I was impressed to see that Walker had a story about the Whitbread Book of the Year up before the media got it! Bloggers are out at the front of the field ...

The £30,000 prize is awarded to the best book overall, from all the other Whitbread categories. I don't envy the judges, having to make comparisons across genre, and apparently last night the voting was the closest in the prize's two-decade history.

In the end, the winner was not odds on favourite Ali Smith for The Accidental, or Tash (whom previously won the first novel award, if you remember), or Kate Thompson's children's book The New Policeman, or poet Christopher Logue's Iliad epic ... but the second volume of Hilary Spurling's biography of the artist Matisse.

Matisse The Master has been described as monumental and ground-breaking and took the author 15 years to write. (An earlier volume about Matisse's early work, The Unknown Matisse, covered his evolution into a painter.) The work has been widely praised and Michael Morpurgo, who chaired the judges, said of it:
So many people felt it was a massive work, but yet it didn't read like it. It read like a story. ... We were reading about this man and his pictures and the life that he had, his family and his travels. Somehow she managed to paint a picture of a painter that was accessible to people not necessarily familiar with art. It was an extraordinary achievement to write a book that length and you get to the end and you're sorry it's finished.
Check out this review of the book from the Sunday Times.

The painting below comes without the usual (for Malaysia) censor's black pen bikini, lest our eyes fall out of our heads for looking at such forbidden fruit! If you want to know more about Matisse's work and see some of his art, go here.
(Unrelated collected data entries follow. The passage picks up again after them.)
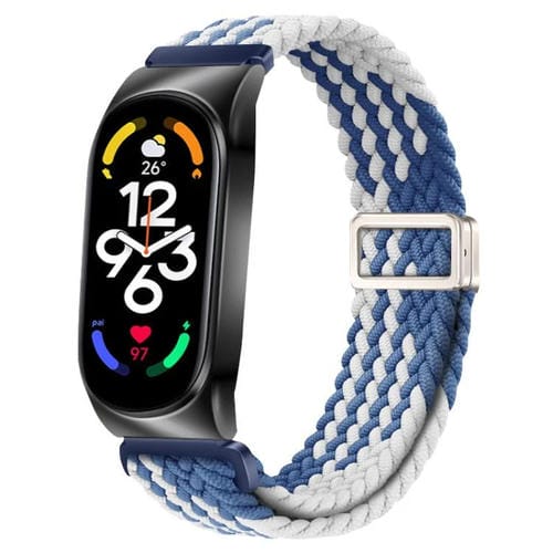 Correa de reloj elástica de nailon trenzado con hebilla magnética y marco de metal para Xiaomi Mi Band 6/5/4/3 (azul y blanco)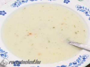 Hozzávalók: 1 fej fokhagyma 1 fej vöröshagyma 5 dkg vaj 1 kanál liszt 7 dl alaplé vagy 1 leveskocka 200 g főzőtejszín kevés petrezselyemzöld só, frissen őrölt bors kevés őrölt szerecsendió Elkészítése: A vöröshagymát apróra daraboljuk, majd a vajon megdinszteljük. A fokhagymákat néhány gerezd kivételével rányomjuk és összekeverjük. Megszórjuk liszttel, vigyázva, hogy le ne égjen […]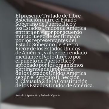 El presente Tratado de Libre Asociación entre el Estado Soberano de Puerto Rico y los Estados Unidos de América entrará en vigor por acuerdo mutuo luego de ser firmado por los representantes del Estado Soberano de Puerto Rico y de los Estados Unidos de América, y al ser refrendado mediante el voto directo por el pueblo de Puerto Rico y aprobado por los organismos pertinentes del gobierno de los Estados Unidos América según el Artículo II, Sección 2, Cláusula 2 de la Constitución de los Estados Unidos de América1.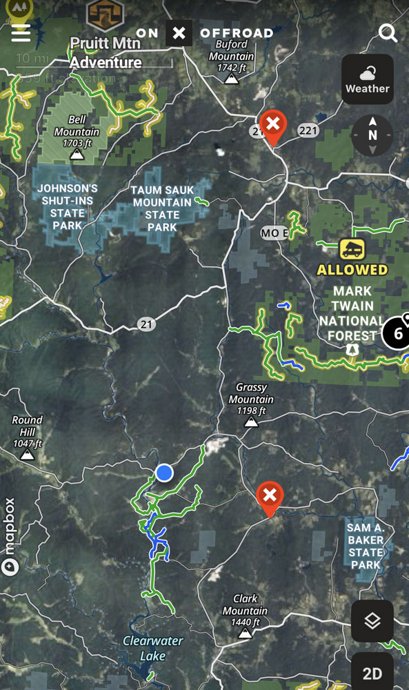 On the OnX app I noted how close were were to many other popular places, such as Sam A. Baker State Park and Johnson Shut-ins.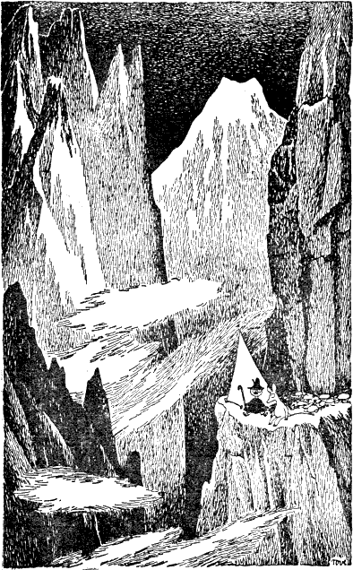 К вечеру они поднялись под самые облака. Гора завесилась густым туманом, идти по тропе стало скользко и опасно. Они промёрзли до костей (теперь Муми-тролль с печалью вспоминал о шерстяных штанах), и куда ни глянь - повсюду вокруг них была пустота.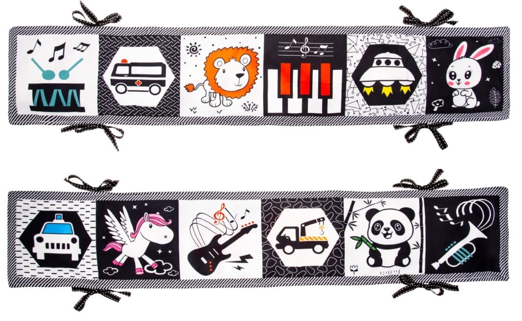 Osłonka jest miękka i szeleści przy dotyku. Ma 12 różnych kontrastowych obrazków.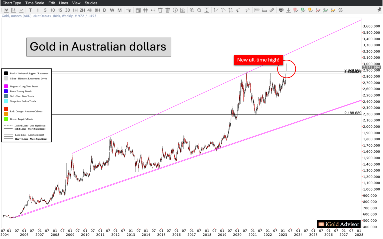 Second, gold as priced in Australian dollars has just broken out to a new all-time high, eclipsing the former peak of $2,873 set in 2020. As this is being written, gold is trading at $2,964. We now have an official target of $3,560 for gold in the Australian currency.
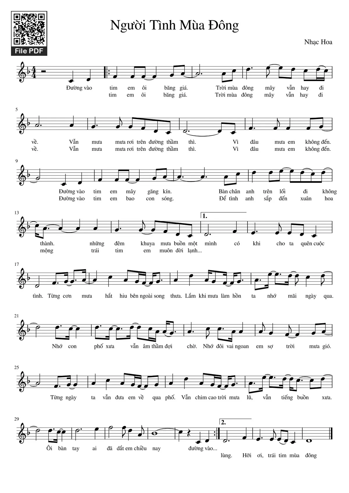 Các sheet PDF tương tự Người Tình Mùa Đông: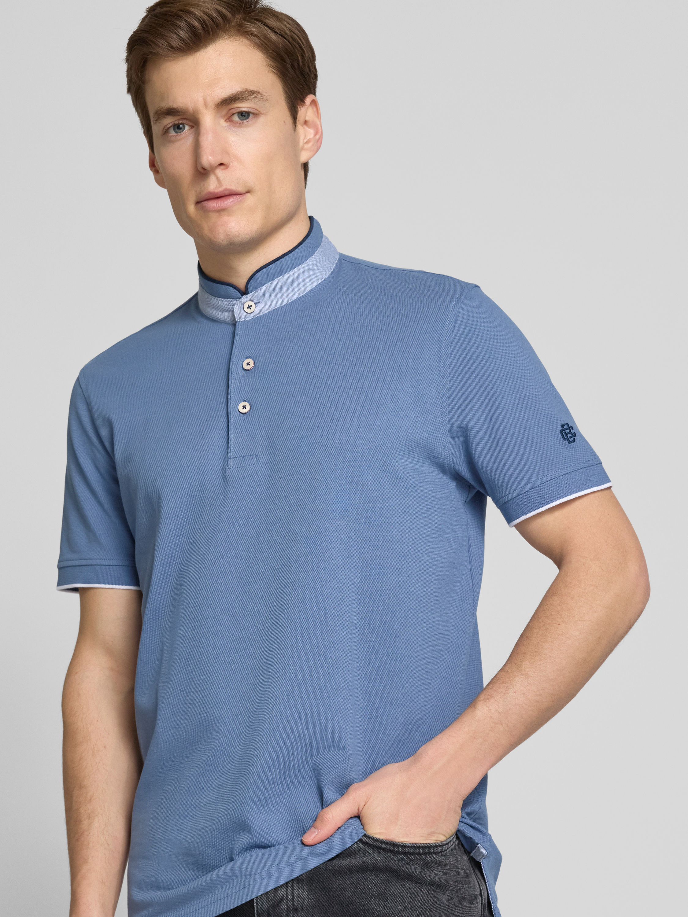 Christian Berg MenRegular Fit Poloshirt mit Stehkragen in jeansblau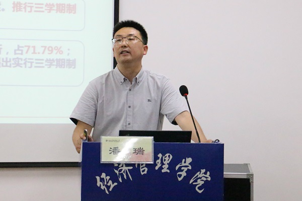 潘瑞从公司2019年三项重要改革,即三学期制教学时间调整、本科人才培养方案修订以及一流本科专业建设三个方面进行解读。他谈到,学校推行三学期制已经成为高水平大学深化公司产品改革的普遍选择,它不仅能拓展员工自主选课的空间,而且能够为校企合作培养、暑期社会实践等诸多培养环节提供有效的制度保障。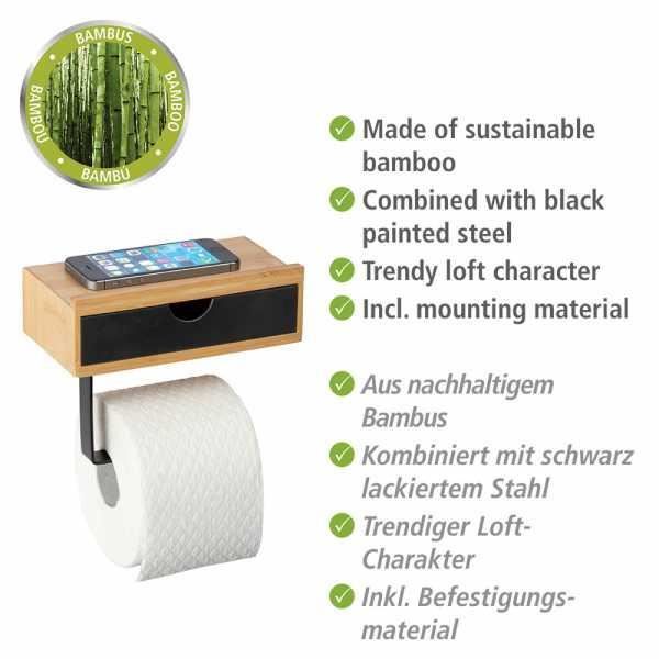 Installation facile : Les accessoires pour WC se fixent sur une surface propre et sèche, atteignant une adhérence maximale après 24 heures, sans laisser de résidus lors du retrait. Facilité de nettoyage : Le revêtement en poudre spécial et le couvercle en bambou empêchent les empreintes digitales et l'accumulation de poussière, facilitant le nettoyage et l'entretien. Utilisation et installation pratiques : Le porte-papier toilette sur pied est facile à installer sans outils complexes. Porte Papier Toilette Bambou Ecooe - Avec étagère, Support Matériaux de haute qualité : Le dévidoir pour papier toilette mural est fabriqué en acier inoxydable 304 avec un couvercle en bambou, garantissant qu'il ne rouille pas, est résistant à la corrosion et durable. Design moderne et fonctionnalité pratique : Le dérouleur de papier toilette avec étagères allie design moderne et fonctionnalité pratique, incluant un design avec étagère pour placer des petits objets comme un téléphone ou des lingettes. Porte-Papier Toilette Mural Avec Etagère Porte-Rouleau De Papier... Options d'installation variées : Le rangement pour papier toilette offre deux méthodes d'installation : en utilisant une colle forte sans perçage, ou en fixant avec les vis et chevilles fournies, ce qui permet d'adapter le distributeur de papier toilette à différents besoins d'installation et types de murs. Les bords de l'étagère sont poncés pour éviter les éraflures. Spécifications : Couleur : Noir, blanc, gris Matériau : Acier inoxydable, bambou Dimensions : 18x10,5x5 cm Poids : 0,55 kg Contenu de l'emballage : 1x porte-papier toilette en bois Derouleur Papier Toilette Murale Acier Inoxydable, Le design antidérapant empêche le rouleau de papier toilette de tomber, garantissant une utilisation en toute sécurité. Ce porte-papier toilette allie fonctionnalité et style. L'utilisation de bois de bambou donne au support un aspect naturel et la couche de cire offre une protection supplémentaire contre l'humidité. Les tampons auto-adhésifs 3M garantissent que vous pouvez fixer le support sur n'importe quelle surface lisse, idéal pour les propriétés locatives où le perçage n'est pas autorisé... Porte Papier Toilette Support Papier Toilette Mural Avec étagère Pour Etagere Murale Bambou Options d'installation flexibles : Le porte-rouleau WC offre deux méthodes d'installation : en utilisant une colle forte ou en fixant avec les vis et chevilles fournies, ce qui permet de s'adapter à différents besoins d'installation et types de murs.

And if you want to read the book ... it's going on my must-buy list for the British Council Library.

4 comments:

Greenbottle said...

that reminds me...i had a friend who made a copy of mattise painting "oranges" for me...the original was once owned by picasso and now i think hangs in the louvre..of course i could never ever own an original so a copy by an interesting friend is qite fine for me...this guy ..my friend looks like a mad man...and sometimes act like one too.. only went to school up to primary six but the late hossein enas was his friend...and whenever khalil ibrahim comes back to kelantan he goes to this man's hovel...if he is out ..which is most of the time khalil used to sketch anything fanciful that comes to his mind and pinned it on the door...one time i came to his hovel and saw a nice black pen sketch of a naked man jerking off by khalil...i obviously kept it...and by the way he said that khalil has a big folios of erotic drawings..would love to see them...speaking of which..i actually paid my friend just a small sum of money for this big oil copy of 'oranges' ..because i know if i pay more he'll go straight to Sungai Golok and spend it all on beautiful young thai girls ....

bibliobibuli said...

greenbottle - it sounds like you have the starting point for a great short story in that entry - if not an entire novel! if you're not going to use it, i will!!!!!!

Anonymous said...

According to Technorati, somebody beat the announcement by twenty minutes! How do they do that?

(And I wonder why blogger screwed up that link. This sort of thing happens on other blogger blogs too.)

bibliobibuli said...

Yes, that little technical problem seems to hit me with almost every post. Blogger inserts a kind of double address. I've put it right now and hope it stays that way.

Talking about being first with things - I get a kick out of the fact that we are 8 hours ahead here and I can link to Guardian articles hours before London is awake! (Wow - sad life if this is how i get my kicks!)